- Click on the map for a fullscreen view
- 41°49′46″N 12°29′32″E﻿ / ﻿41.82953661071158°N 12.492282647093692°E
- Location: Via Paolo Di Dono 218, Rome
- Country: Italy
- Language: Italian
- Denomination: Catholic
- Tradition: Roman Rite

History
- Status: titular church
- Founded: 1968
- Dedication: Vigilius of Trent

Architecture
- Architect: Lucio Passarelli
- Architectural type: Modern
- Completed: 1990

Administration
- Diocese: Rome

= San Vigilio, Rome =

The church of San Vigilio in Rome is a Catholic place of worship located on Via Paolo Di Dono serving the parish of that name. Its eponymous patron is Saint Vigilius of Trent.

The parish was erected on 22 May 1968 by Cardinal Vicar Angelo Dell'Acqua and entrusted first to the clergy of the Archdiocese of Trento and then to the diocesan clergy of the Diocese of Rome.

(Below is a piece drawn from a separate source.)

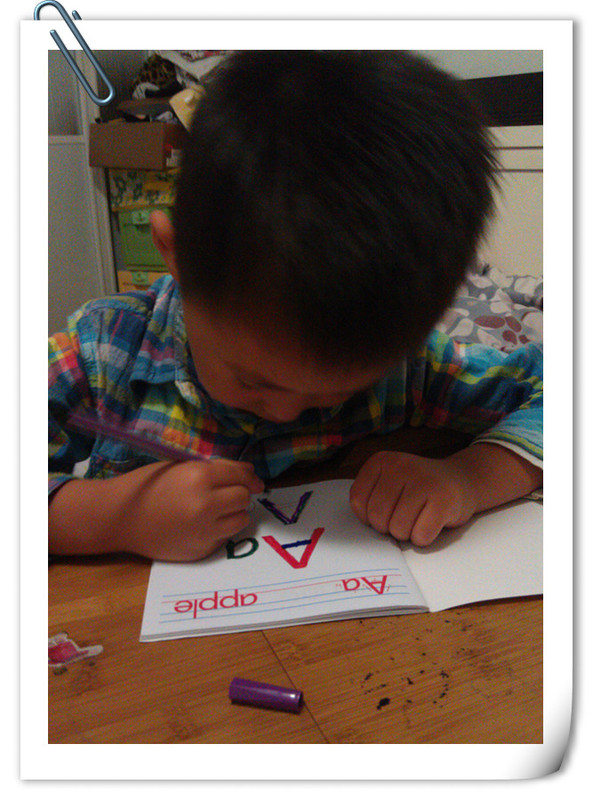晚上回到家,点点就开始做英语的家庭作业了,主要是给字母Aa,涂色,点点做得还是很认真的,复习的作业就是听录音跟读,读了三遍,还有预习的作业也做好了,这样我们每天要听英语二十分钟了,就算是磨磨耳朵吧,提高英语的听力和口语的能力,希望我们的英语学习能够坚持下去。

The building the parish uses for its liturgies is contemporary in style, designed by Studio Passarelli. Construction began in 1983 and was completed in 1993. It is built of concrete with steel supports and appears compact in volume and modest in height. The semicircular central hall has a floor that slopes down toward the sanctuary. Glass panels behind the altar open to an area for outdoor liturgies with several tiers for seating in the style of an amphitheater. The parish rectory and offices are housed above the hall.

From 1992 to 1997, the parochial vicar was Rev. Augusto Paolo Lojudice, later a cardinal and Archbishop of Siena. Pope John Paul II visited the church on 7 November 1993.

Pope Francis designated the parish as a titular church on 28 November 2020, appointing Jose Advincula of the Philippines as Cardinal Patron.